This exercise calls for every record to be returned exactly, with pictures removed.

Records from a dataset:

##############################

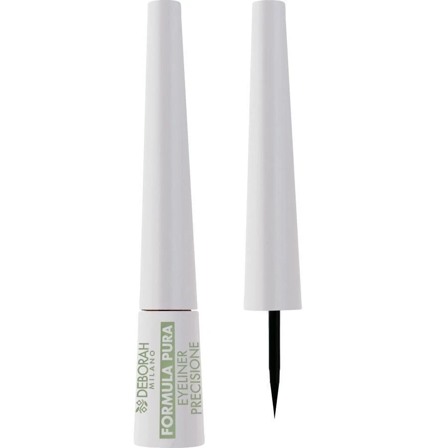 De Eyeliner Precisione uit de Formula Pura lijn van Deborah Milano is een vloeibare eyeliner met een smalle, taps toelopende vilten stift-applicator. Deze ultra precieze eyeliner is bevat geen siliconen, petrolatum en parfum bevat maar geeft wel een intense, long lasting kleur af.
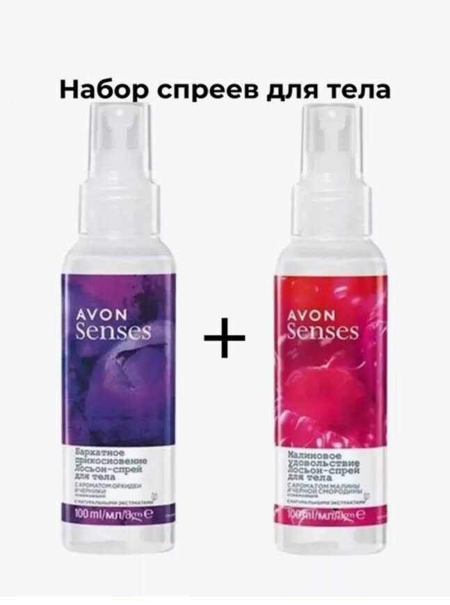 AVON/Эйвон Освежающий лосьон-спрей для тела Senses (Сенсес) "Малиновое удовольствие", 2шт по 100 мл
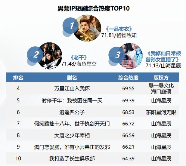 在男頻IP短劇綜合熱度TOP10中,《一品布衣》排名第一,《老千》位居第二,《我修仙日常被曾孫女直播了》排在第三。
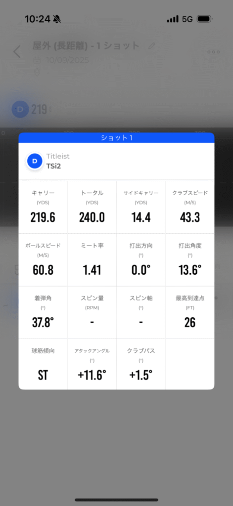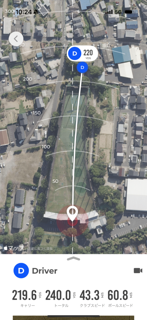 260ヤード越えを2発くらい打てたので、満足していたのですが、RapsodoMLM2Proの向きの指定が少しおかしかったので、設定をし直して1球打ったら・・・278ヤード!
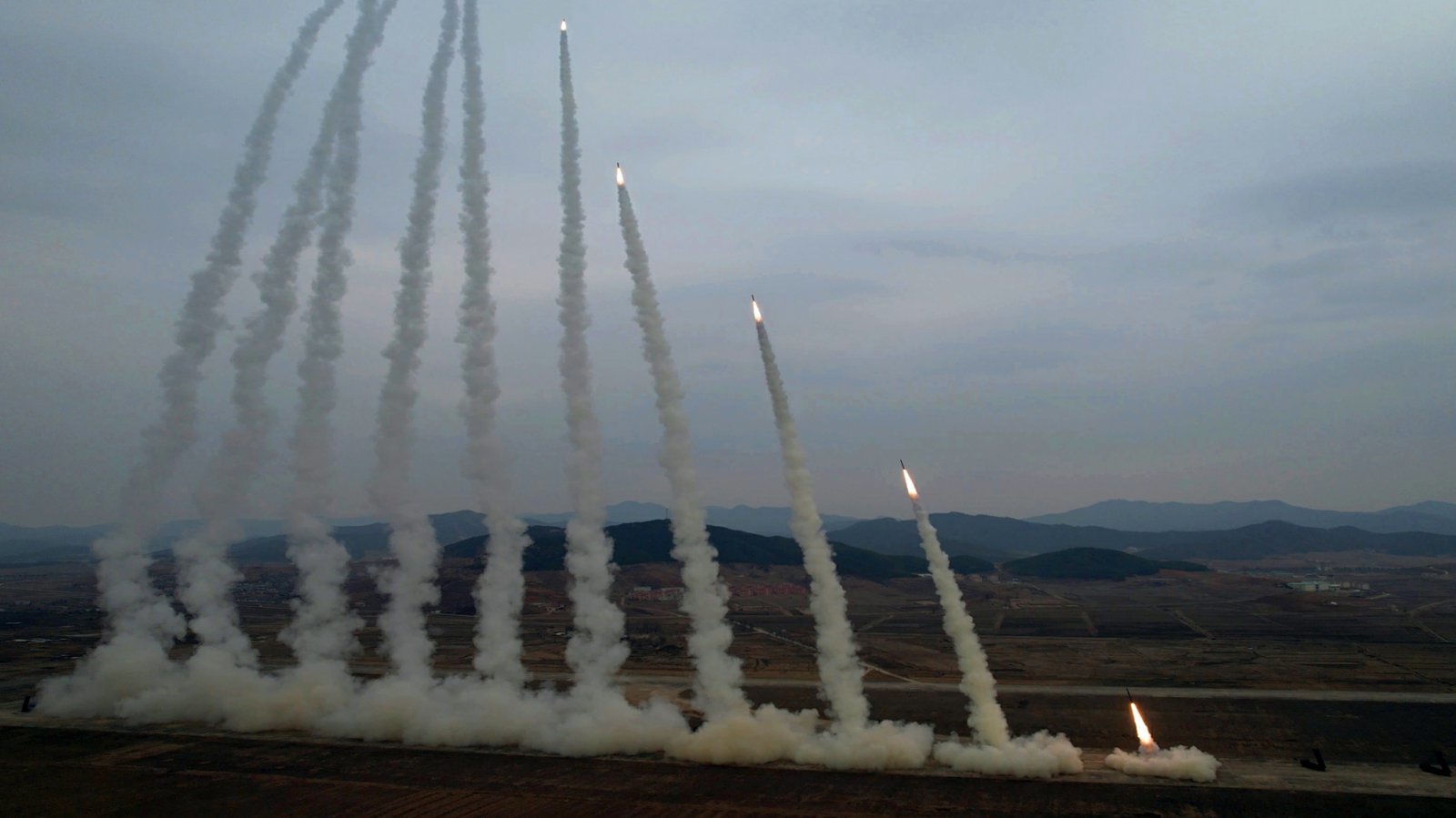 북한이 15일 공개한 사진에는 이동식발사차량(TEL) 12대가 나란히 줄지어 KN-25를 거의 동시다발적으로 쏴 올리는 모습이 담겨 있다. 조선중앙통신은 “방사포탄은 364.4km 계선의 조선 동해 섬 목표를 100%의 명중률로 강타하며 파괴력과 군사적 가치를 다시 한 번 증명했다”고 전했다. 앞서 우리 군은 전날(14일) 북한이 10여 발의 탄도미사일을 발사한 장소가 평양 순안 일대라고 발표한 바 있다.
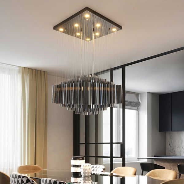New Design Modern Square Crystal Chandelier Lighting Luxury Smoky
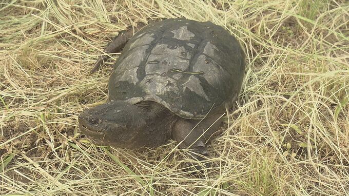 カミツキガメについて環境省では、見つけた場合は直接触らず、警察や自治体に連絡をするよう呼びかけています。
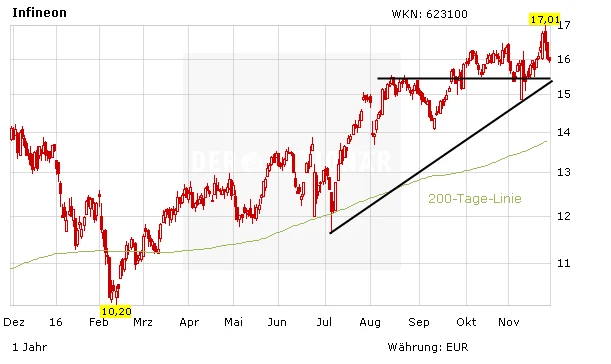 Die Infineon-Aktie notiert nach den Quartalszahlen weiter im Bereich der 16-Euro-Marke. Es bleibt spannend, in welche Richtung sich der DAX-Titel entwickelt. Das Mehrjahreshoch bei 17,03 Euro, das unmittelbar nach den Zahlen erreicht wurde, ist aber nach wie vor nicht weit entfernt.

##############################

Solution to the exercise
 De Eyeliner Precisione uit de Formula Pura lijn van Deborah Milano is een vloeibare eyeliner met een smalle, taps toelopende vilten stift-applicator. Deze ultra precieze eyeliner is bevat geen siliconen, petrolatum en parfum bevat maar geeft wel een intense, long lasting kleur af.
 AVON/Эйвон Освежающий лосьон-спрей для тела Senses (Сенсес) "Малиновое удовольствие", 2шт по 100 мл
 在男頻IP短劇綜合熱度TOP10中,《一品布衣》排名第一,《老千》位居第二,《我修仙日常被曾孫女直播了》排在第三。
 260ヤード越えを2発くらい打てたので、満足していたのですが、RapsodoMLM2Proの向きの指定が少しおかしかったので、設定をし直して1球打ったら・・・278ヤード!
 북한이 15일 공개한 사진에는 이동식발사차량(TEL) 12대가 나란히 줄지어 KN-25를 거의 동시다발적으로 쏴 올리는 모습이 담겨 있다. 조선중앙통신은 “방사포탄은 364.4km 계선의 조선 동해 섬 목표를 100%의 명중률로 강타하며 파괴력과 군사적 가치를 다시 한 번 증명했다”고 전했다. 앞서 우리 군은 전날(14일) 북한이 10여 발의 탄도미사일을 발사한 장소가 평양 순안 일대라고 발표한 바 있다.
New Design Modern Square Crystal Chandelier Lighting Luxury Smoky
 カミツキガメについて環境省では、見つけた場合は直接触らず、警察や自治体に連絡をするよう呼びかけています。
 Die Infineon-Aktie notiert nach den Quartalszahlen weiter im Bereich der 16-Euro-Marke. Es bleibt spannend, in welche Richtung sich der DAX-Titel entwickelt. Das Mehrjahreshoch bei 17,03 Euro, das unmittelbar nach den Zahlen erreicht wurde, ist aber nach wie vor nicht weit entfernt.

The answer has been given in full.